シクラメンである。日本でも人気のある鉢植えシクラメンとは違う、野生のシクラメン。葉を落とした木の根本や冬枯れの花壇の片隅で、背丈15㌢ほどのからだにピンクやうす紫の花びらをまとい、静かにたたずむ。そこだけ新しいいのちが宿ったかのように。
原産地は南欧。晩秋から冬を通じて次々と花をつける。耐寒性にすぐれ、積雪にあえば雪を持ち上げて花を咲かせ、氷点下の気温にもびくともしない。しかし、小柄な姿は可憐である。
古代ギリシャの時代から人々の暮らしとともにあった。根には出産を助ける薬効があり、その効用があまりに高いので、妊婦がまたぐと流産すると信じられた。花を終えたら花茎がゼンマイのようにくるくると縮まるため、ギリシャ語で「キクロス」(“輪”の意味)と呼ばれたがのがシクラメンの名の語源。イギリスには16世紀末ごろ伝わったとみられ、花の薬効と迷信がギリシャからそのまま渡来した。

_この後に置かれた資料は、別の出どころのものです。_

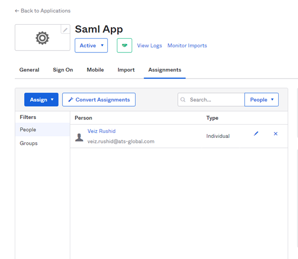 Following the successful configuration of the SAML application in Okta, users and groups can be assigned to the application in the Assignments section. The application can be only be used to assigned users or groups.

《もう、何年になるか随分と昔、正月用に紅白の2鉢を購入した。買ったときは大輪の花をつけて見事な飾りになったが、それから年を経るごとに花は小振りになり、赤い花をつけていた鉢は枯れてしまった。それからまた、3、4年が経つ。年を経るごとに花は小さく背も低くなったが、毎年咲く花の数は逆に増え、冬の淋しい棚に真っ白な彩りを添えてくれる。ロンドンの便りにもあるように寒さに強いばかりか暑さにも強く、外に出して放置しておいても枯れたと見えながら、再び健気に息を吹き返す。今年も葉隠れにたくさんの小さな蕾を準備し、開花を待っている。(写真)》
今年も小さな蕾を準備して、開花を待っている
日本で出回る大輪の観賞用シクラメンは、ペルシャ産の原種が20世紀はじめにヨーロッパで品種改良されて生まれた。こちらは冬に家庭の窓辺や居間を優雅に飾るが、戸外では生き延びることのできない「箱入り」シクラメンである。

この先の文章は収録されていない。